## Exercise aim:
Restate word for word the lines between the start of the material and the line with "サウンドコラージュ・ダイスキズム by CYLTIE.", keeping both of those ends and none of the pictures.

━━ Supplied entries

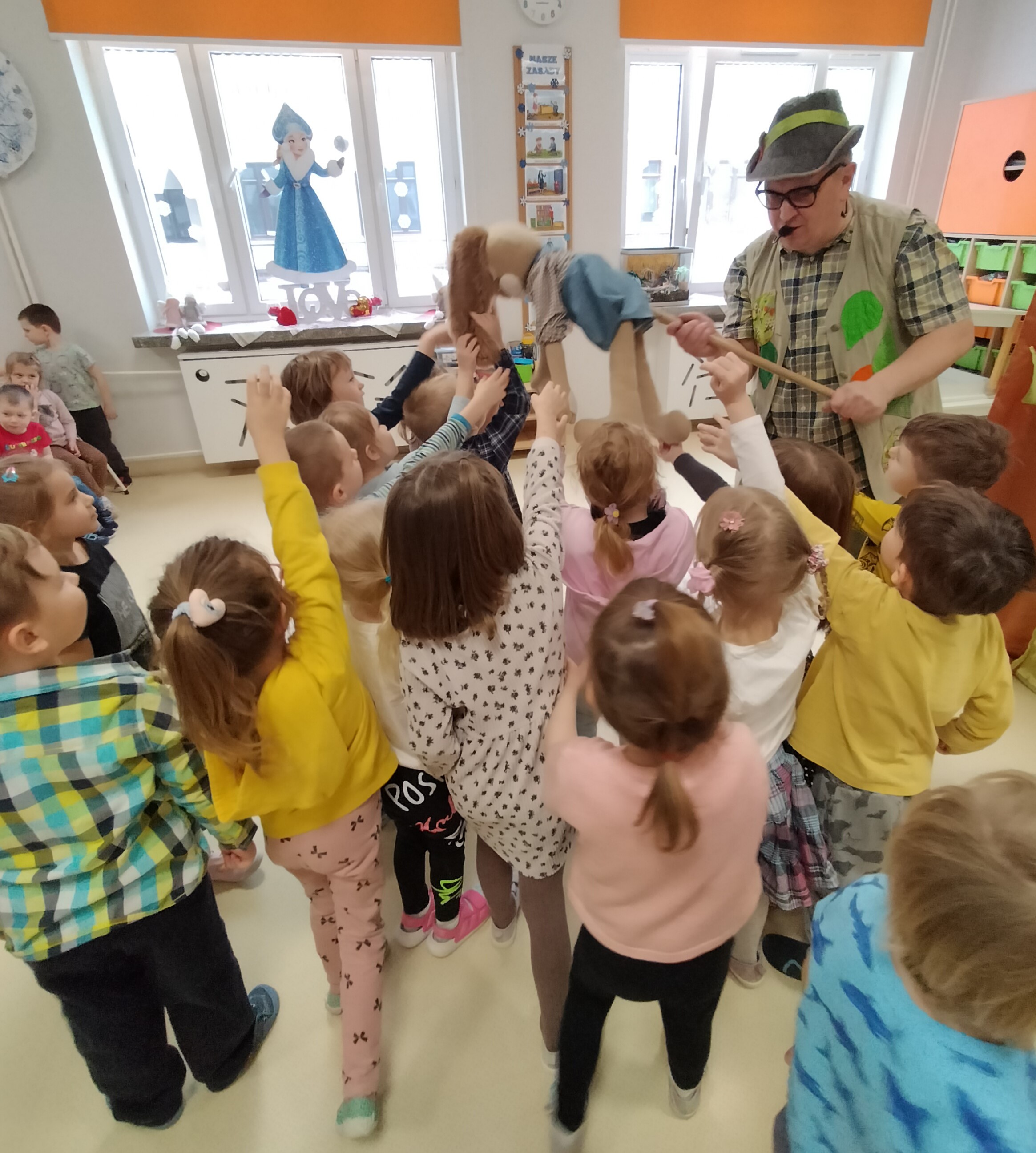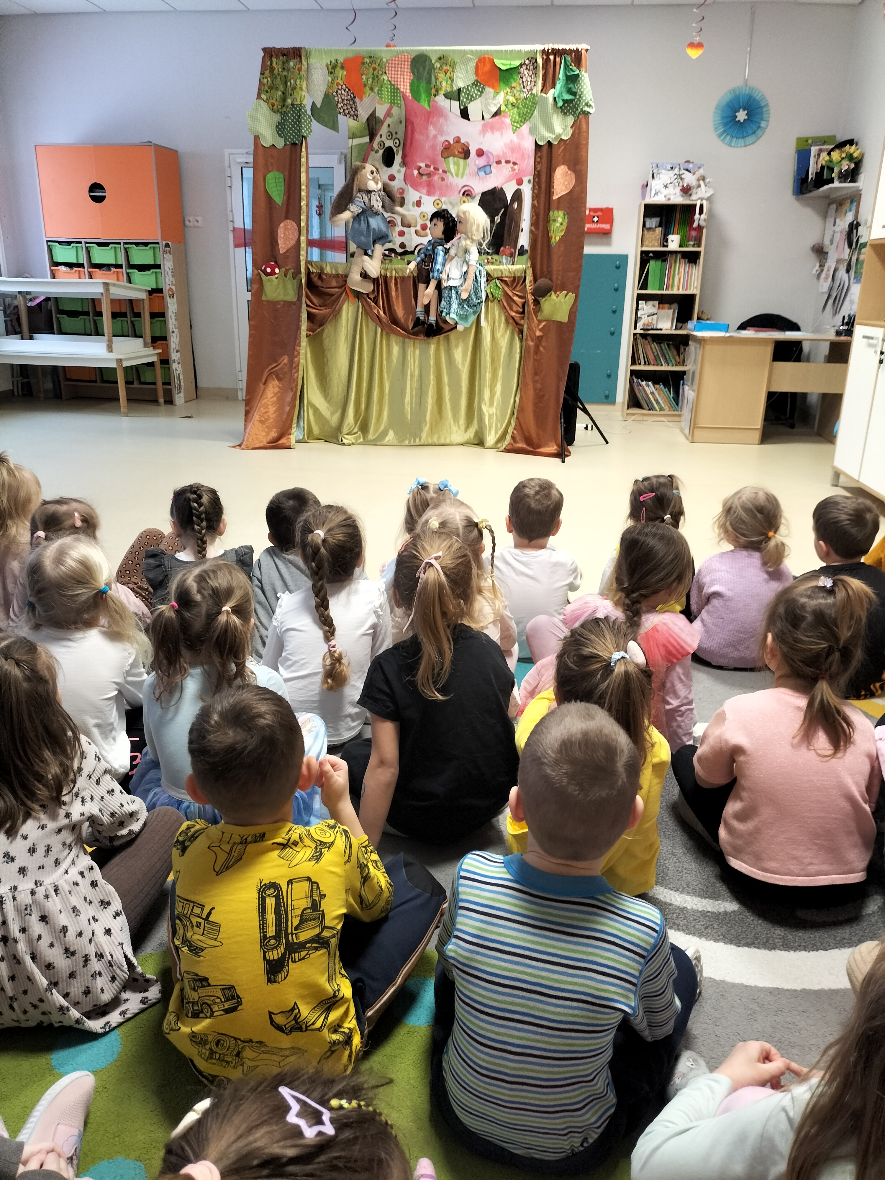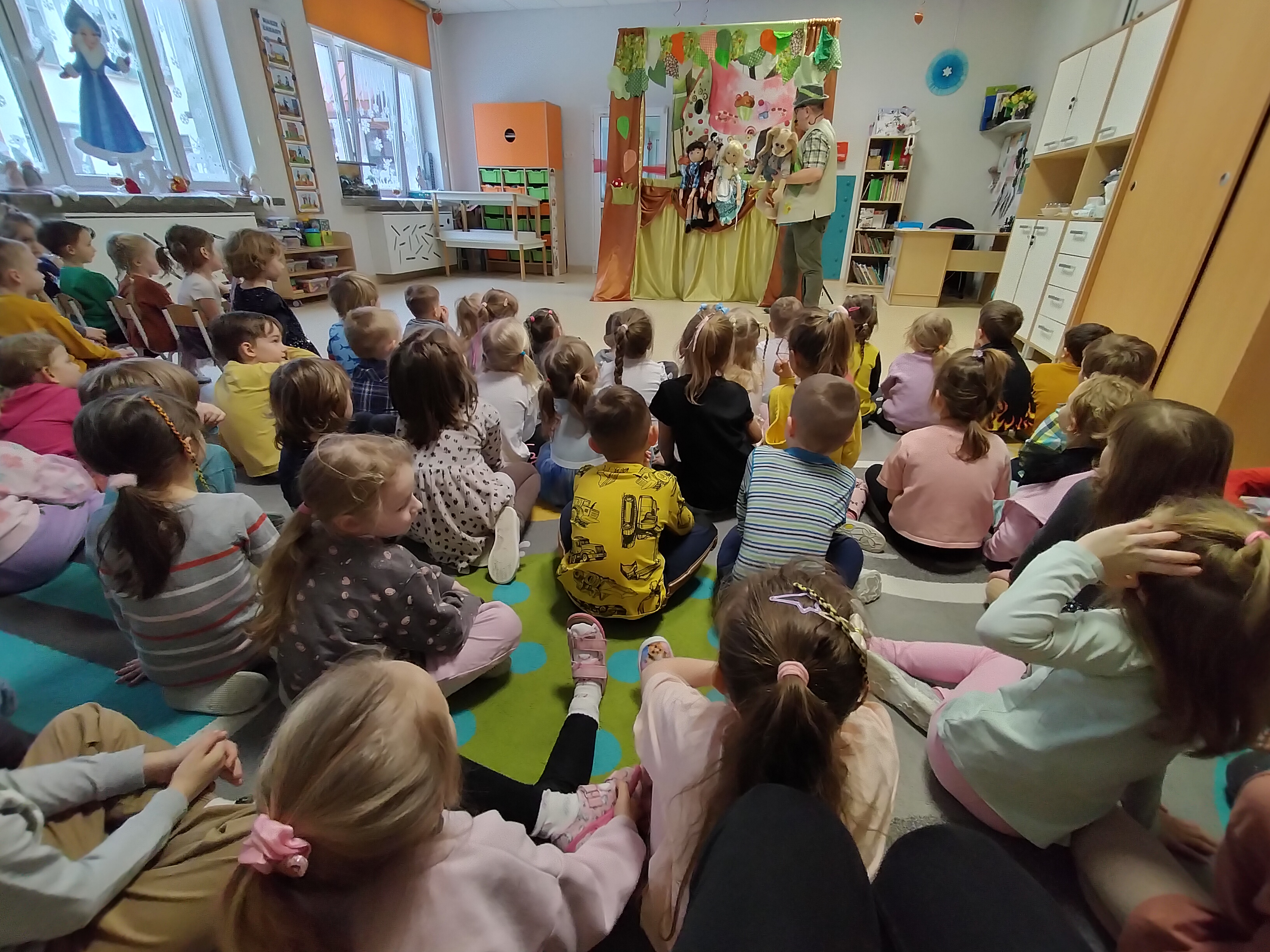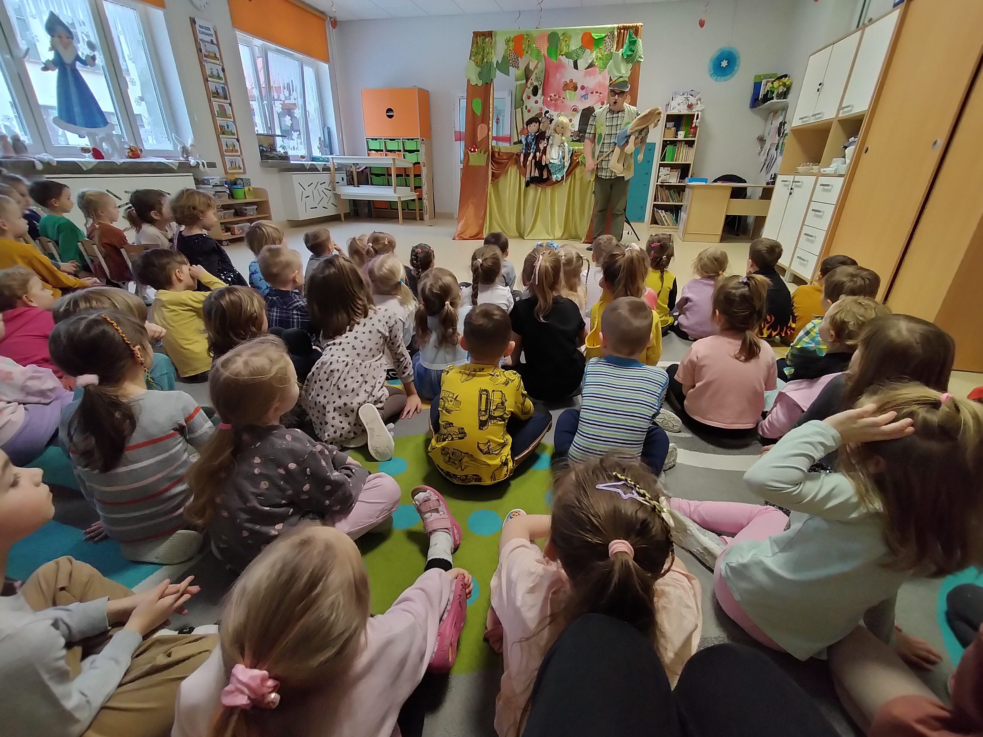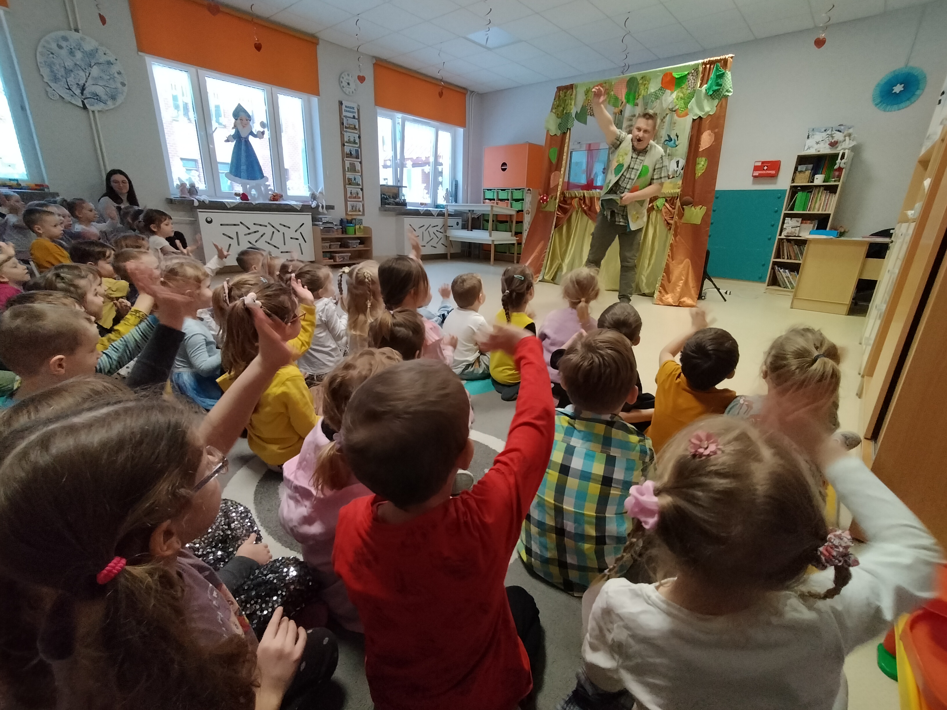 Poniedziałkowy ranek był pełen emocji i radości za sprawą występu Teatru LOKOMOTYWA. Dzieci miały okazję obejrzeć teatrzyk kukiełkowy „Jaś i Małgosia”, który od pierwszych chwil wprowadził je w niezwykły, leśny świat przygód.
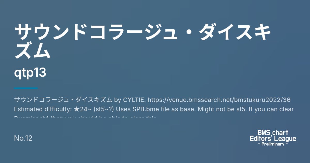 サウンドコラージュ・ダイスキズム by CYLTIE. https://venue.bmssearch.net/bmstukuru2022/36 Estimated difficulty: ★24~ (st5~?) Uses SPB.bme file as base. Might not be st5. If you can clear Duarrier st4 then you should be able to clear this.
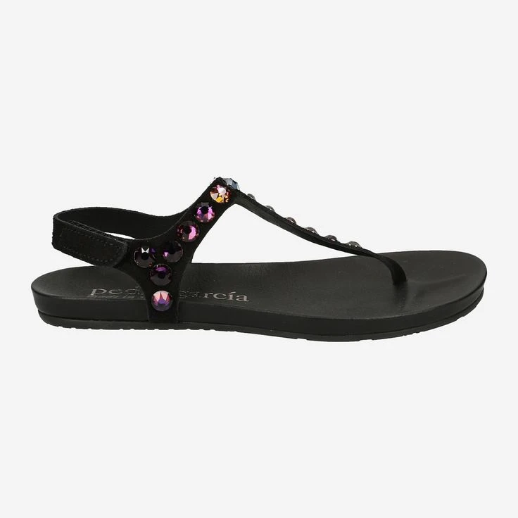 Treat yourself to luxury, design and exceptional lifestyle! This sandal from the luxury brand Pedro Garcia is in a class of its own: it is flat and therefore pleasantly comfortable to wear, but also captivates with its glamorous look. The straps of the model “Judith” are made of black suede and studded with a multitude of sparkling Swarowski® crystals that celebrate a unique play of light! Celebrate life with it!
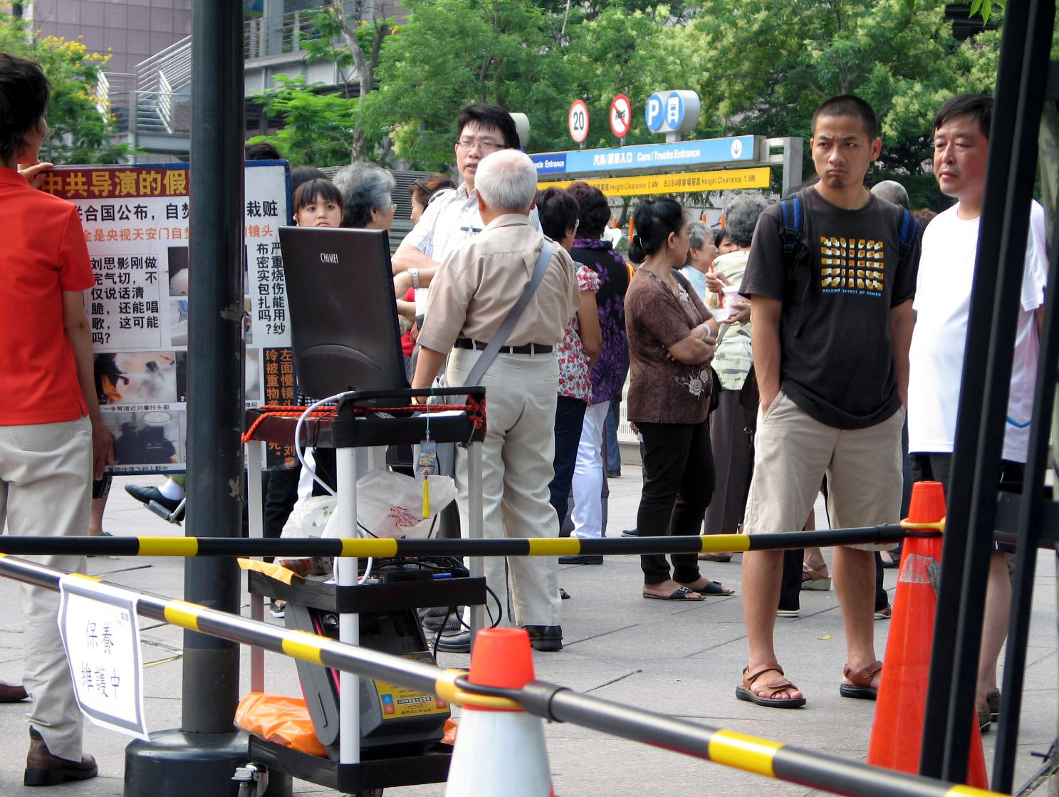 一零一大楼景点前的真相展板围着层层的中国游客争相了解事实、听学员讲真相
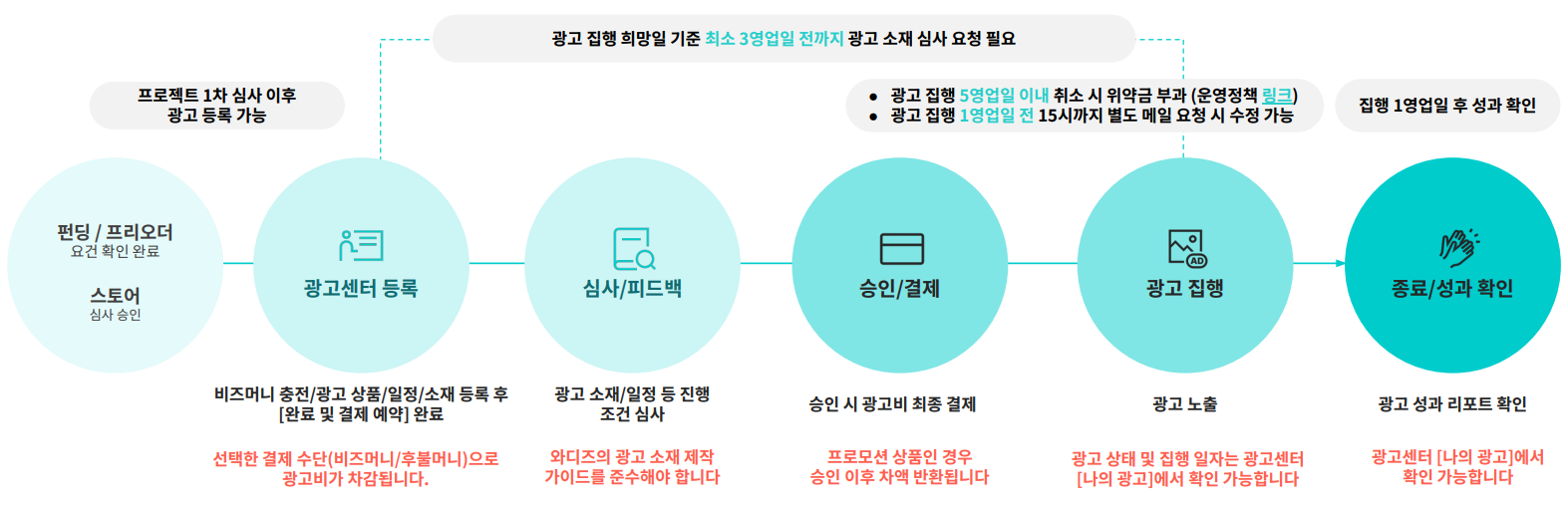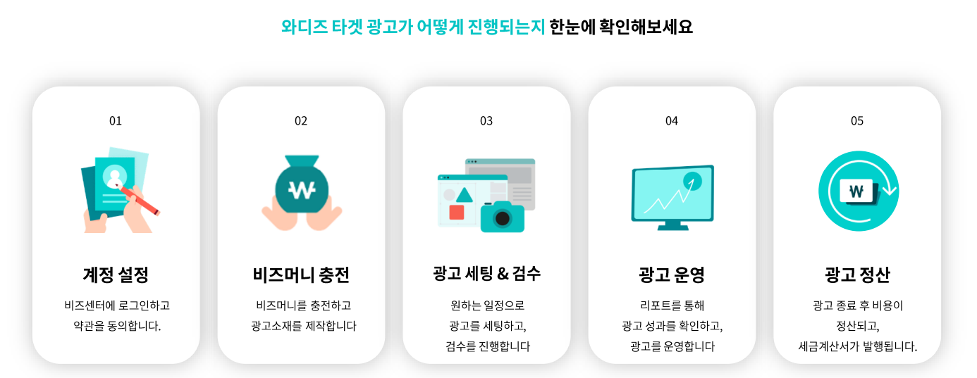 와디즈 광고는 광고 등록 → 심사 및 승인 → 결제 → 광고 집행 → 성과 확인의 총 5단계로 진행됩니다.
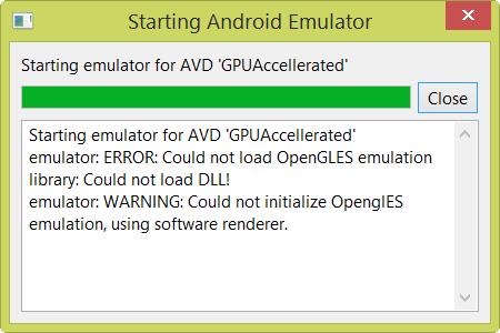 - Copy the OpenGLES libraries - After launching an emulator with Use Host GPU enabled, sometimes you get an error "Could not load OPENGLES emulation library". If you do, then use this tip (if you don't get the error, then skip this tip).
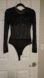 Fun sparkly black mesh studded bodysuit. Perfect outfit for a festival or the NFR. It is made of lightweight material and is very stretchy. Crew neck and long sleeves. Bottom closure is adjustable with a three hook clasp. Size M. *Please note the photo that shows the bodysuit being worn is with a black undershirt underneath- it is fairly see through without an undershirt.
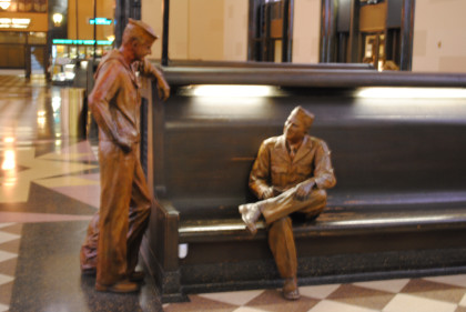 During World War II the station established a USO center with letter writing facilities, a dormitory and shower/bath facilities. During the 1950's and 1960's, increased air travel and the completion of major interstate highway networks significantly reduced passenger traffic on the nation’s commercial rail system. Amtrak, the Federal Government’s response to consolidating and maintaining a semblance of passenger rail traffic, resulted in the demise of private commercial passenger trains. The last passenger train departed Union Station in 1971 and the station closed its doors.
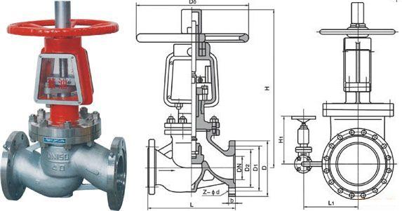 JYK表示无旁通,带副阀瓣氧气截止阀

━━━━

## Result:
 Poniedziałkowy ranek był pełen emocji i radości za sprawą występu Teatru LOKOMOTYWA. Dzieci miały okazję obejrzeć teatrzyk kukiełkowy „Jaś i Małgosia”, który od pierwszych chwil wprowadził je w niezwykły, leśny świat przygód.
 サウンドコラージュ・ダイスキズム by CYLTIE. https://venue.bmssearch.net/bmstukuru2022/36 Estimated difficulty: ★24~ (st5~?) Uses SPB.bme file as base. Might not be st5. If you can clear Duarrier st4 then you should be able to clear this.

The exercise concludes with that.